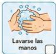
Lavarse las manos
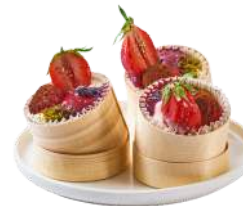
LES MINI VERRINES SUCRÉES GOURMANDES
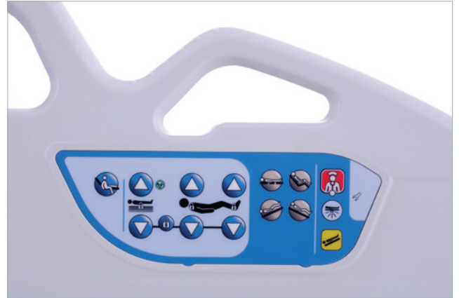
Indicateur de position basse et positionnement de sortie de lit à commande unique
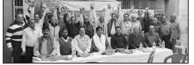
संगठन यात्रा के दौरान मुंगेर प्रमंडल मुख्यालय शाखा में समाजबंधुओं के साथ बैठक

२१ फरवरी को मायड़ भाषा दिवस के अवसर पर समस्त
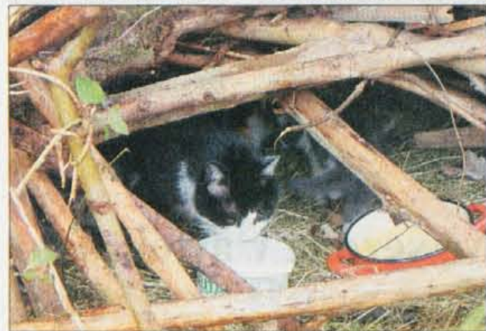
Hrana ljubke živalce v zadnjih dneh že privabi izpod dobrega skrivališča pod vejami.

žal "nezaželenih" živali. Srce mu ni dalo, da bi mačke prepustil iznajdljivosti njihove mame, zato jim je takoj uredil prebivališče. Prinesel je leseni zaboj, ga obdal s slamo in poleg položil skodelo z mlekom.
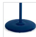
Base de máxima estabilidad Sehr stabiler Sockel Base avec stabilité maximale Base de máxima Maximum stability base
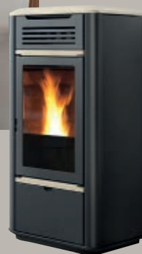
Cerámica color pergamino cerâmica pergaminho Κεραμικό χρώματος περγαμινής parchment ceramic
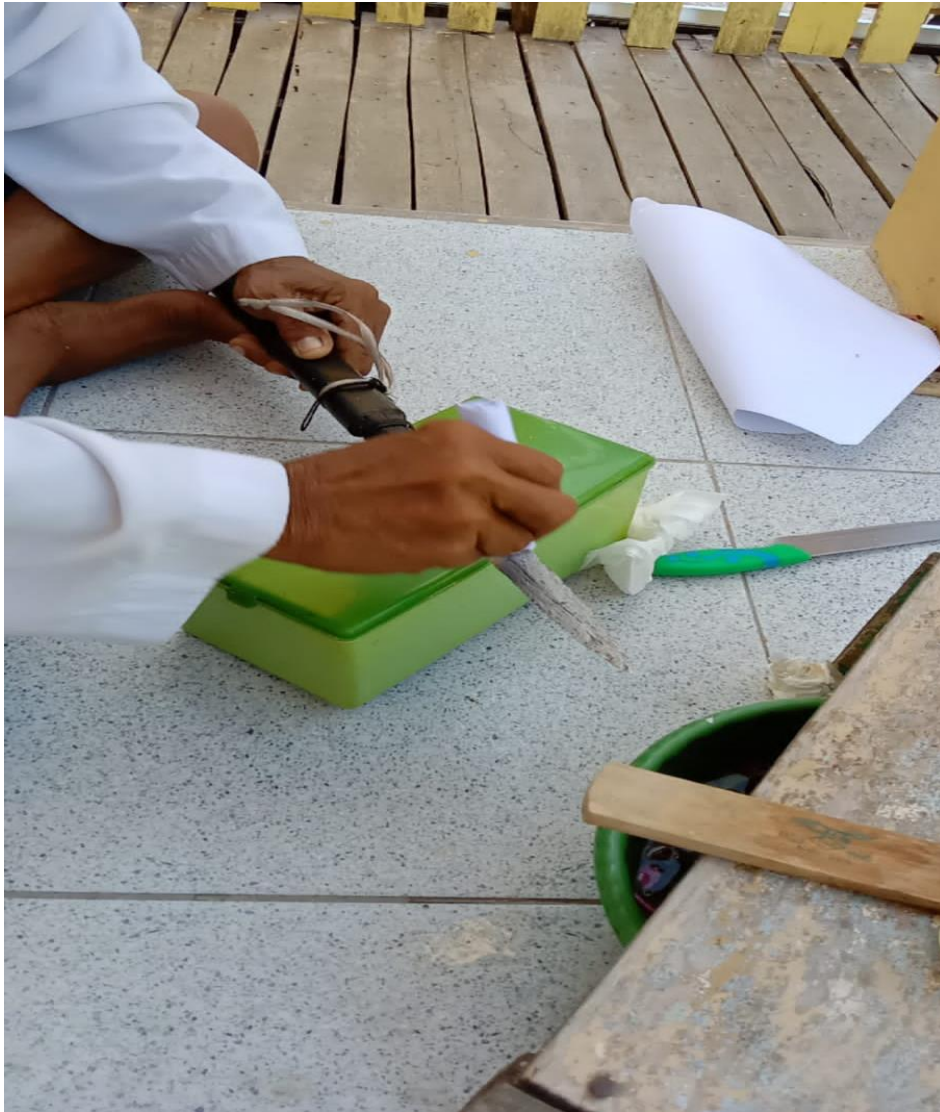
Proses Memandikan Tombak Pusaka
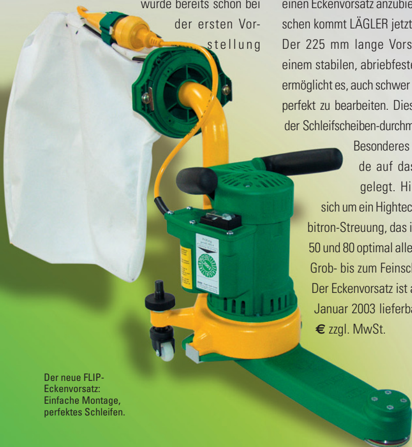
Der neue FLIP-Eckenvorsatz: Einfache Montage, perfektes Schleifen.

Der Eckenvorsatz ist ab Ende Januar 2003 lieferbar und kostet 136 € zzgl. MwSt.
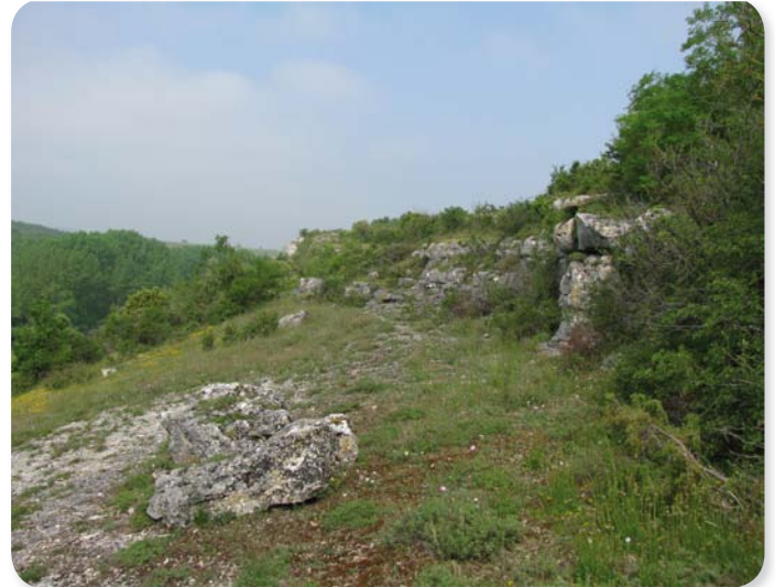
Le coteau de Fontauray, un site au enjeux multiples
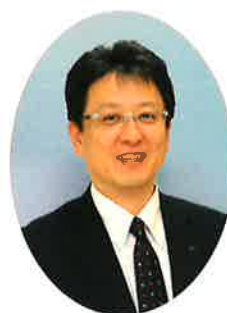
熊本市長 大西 一史
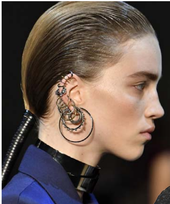
Þessi dama var ekki bara með einn eyrnalokk. Hún er með leðurband um hálsinn og um taglið er vafið leðurband.
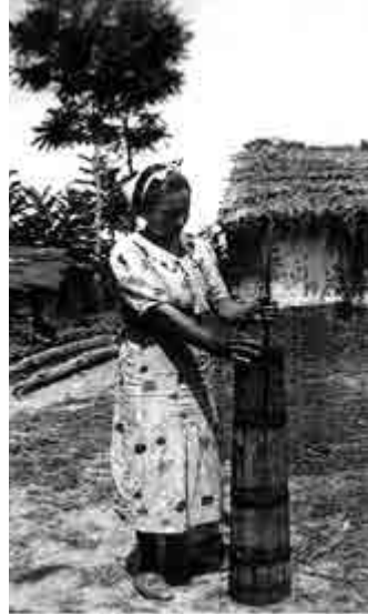
Ντουρβανίζει το γάλα για να βγάλει το βούτυρο (Κ.Μ.Σ.)
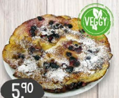
BLAUBEER-PFANNKUCHEN mit frischen Blaubeeren, je Stück
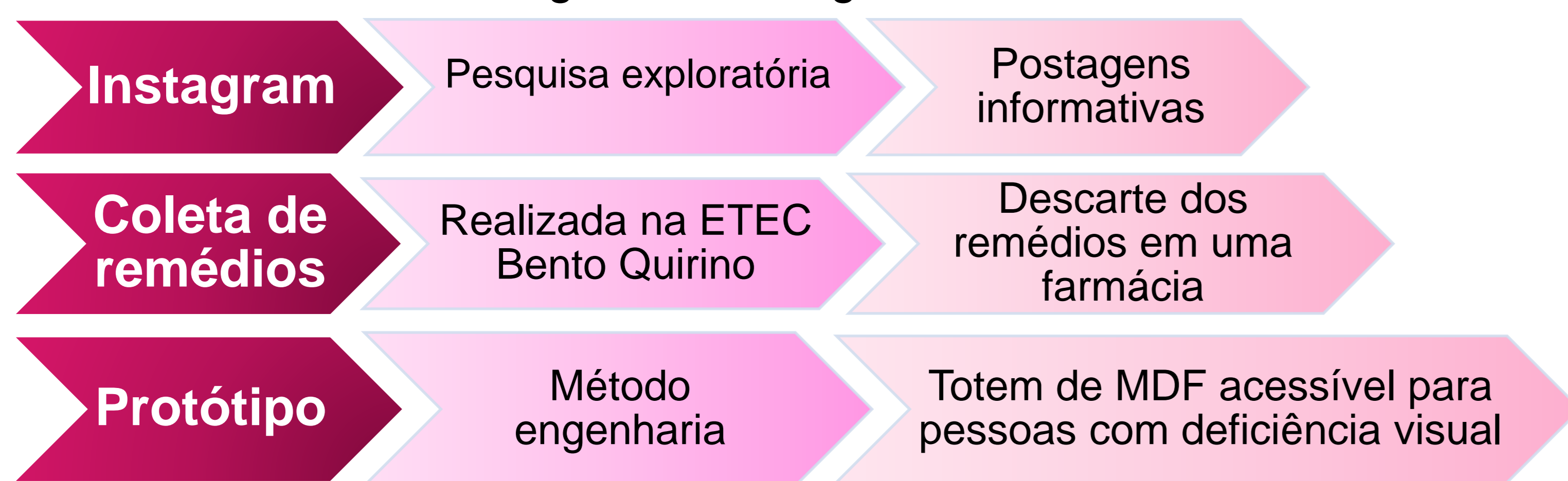
Figura 1- Fluxograma

O projeto possui três etapas principais: criação do Instagram, realização de uma coleta de medicamentos vencidos na escola e criação do protótipo de descarte com sistema eletrônico para acessibilidade dos totens de coleta.
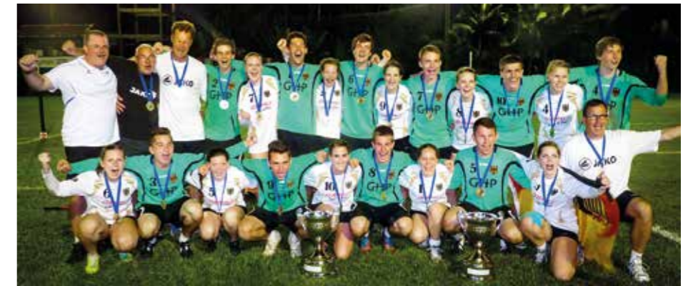
2014 in Pomerode (Brasilien): Deutschland ist Doppelweltmeister.

Die Spieler*innen in kursiver Schrift wurden Weltmeister*innen.
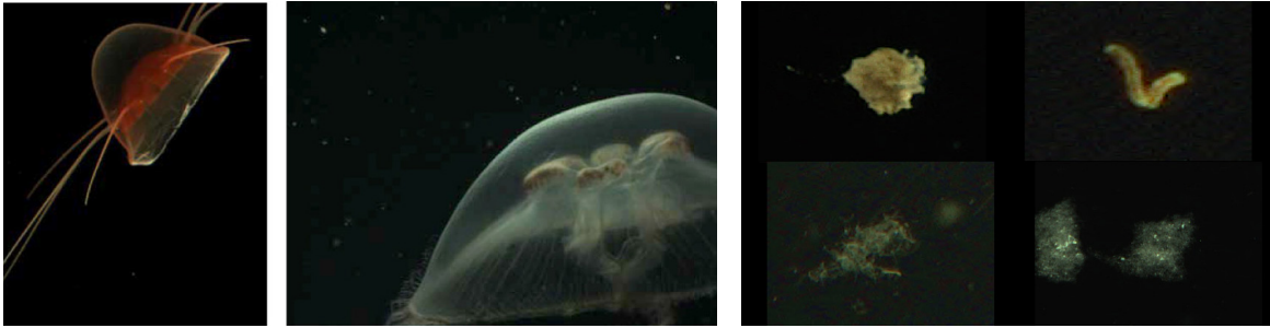
Abb. 2: Beispielbilder eines Video-Plankton-Recorders von zwei Medusen, welche aufgrund ihres gelatinösen Körperbaus in traditionellen Planktonnetzen nicht quantitativ beprobt werden können.
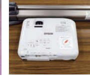
プロジェクター・スクリーン
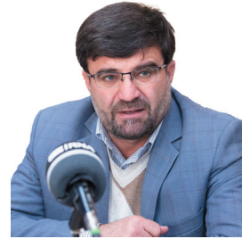
مدیرکل امور عشایر چهارمحال و بختیاری: ۲ هزار پسر خورشیدی بین عشایر چهارمحال و بختیاری توزیع می‌شود
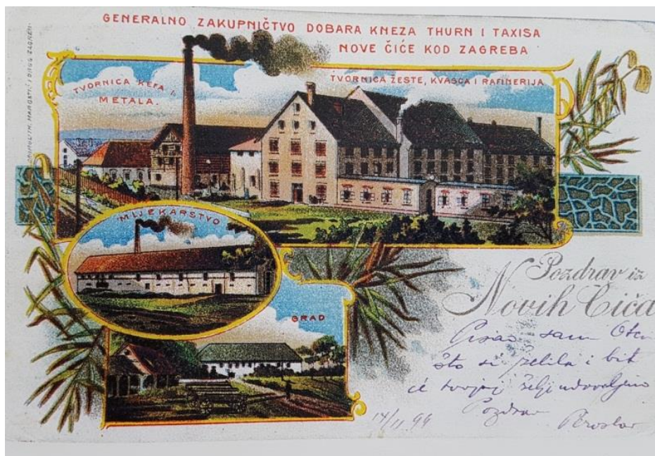
Slika 4.2. Razglednica iz 1899. godine
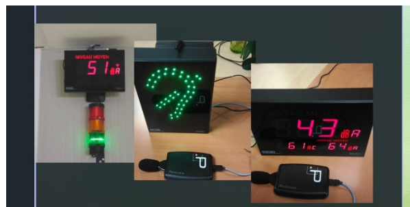
Figure 1 : afficheur pédagogique communicant dans une école pilote

La métropole a également proposé une formation spécifique dédiée au bruit dans les cantines, venant ainsi enrichir son programme d'éducation à l'environnement sonore qu'elle déploie depuis de très nombreuses années.
····················
◆ Exercise goal ◆
In the records above, locate the line containing "LES MINI VERRINES SUCRÉES GOURMANDES", then copy exactly that line and every line after it through the end, omitting pictures.

◆ Reply to the task ◆
LES MINI VERRINES SUCRÉES GOURMANDES
Indicateur de position basse et positionnement de sortie de lit à commande unique
संगठन यात्रा के दौरान मुंगेर प्रमंडल मुख्यालय शाखा में समाजबंधुओं के साथ बैठक

२१ फरवरी को मायड़ भाषा दिवस के अवसर पर समस्त
Hrana ljubke živalce v zadnjih dneh že privabi izpod dobrega skrivališča pod vejami.

žal "nezaželenih" živali. Srce mu ni dalo, da bi mačke prepustil iznajdljivosti njihove mame, zato jim je takoj uredil prebivališče. Prinesel je leseni zaboj, ga obdal s slamo in poleg položil skodelo z mlekom.
Base de máxima estabilidad Sehr stabiler Sockel Base avec stabilité maximale Base de máxima Maximum stability base
Cerámica color pergamino cerâmica pergaminho Κεραμικό χρώματος περγαμινής parchment ceramic
Proses Memandikan Tombak Pusaka
Der neue FLIP-Eckenvorsatz: Einfache Montage, perfektes Schleifen.

Der Eckenvorsatz ist ab Ende Januar 2003 lieferbar und kostet 136 € zzgl. MwSt.
Le coteau de Fontauray, un site au enjeux multiples
熊本市長 大西 一史
Þessi dama var ekki bara með einn eyrnalokk. Hún er með leðurband um hálsinn og um taglið er vafið leðurband.
Ντουρβανίζει το γάλα για να βγάλει το βούτυρο (Κ.Μ.Σ.)
BLAUBEER-PFANNKUCHEN mit frischen Blaubeeren, je Stück
Figura 1- Fluxograma

O projeto possui três etapas principais: criação do Instagram, realização de uma coleta de medicamentos vencidos na escola e criação do protótipo de descarte com sistema eletrônico para acessibilidade dos totens de coleta.
2014 in Pomerode (Brasilien): Deutschland ist Doppelweltmeister.

Die Spieler*innen in kursiver Schrift wurden Weltmeister*innen.
Abb. 2: Beispielbilder eines Video-Plankton-Recorders von zwei Medusen, welche aufgrund ihres gelatinösen Körperbaus in traditionellen Planktonnetzen nicht quantitativ beprobt werden können.
プロジェクター・スクリーン
مدیرکل امور عشایر چهارمحال و بختیاری: ۲ هزار پسر خورشیدی بین عشایر چهارمحال و بختیاری توزیع می‌شود
Slika 4.2. Razglednica iz 1899. godine
Figure 1 : afficheur pédagogique communicant dans une école pilote

La métropole a également proposé une formation spécifique dédiée au bruit dans les cantines, venant ainsi enrichir son programme d'éducation à l'environnement sonore qu'elle déploie depuis de très nombreuses années.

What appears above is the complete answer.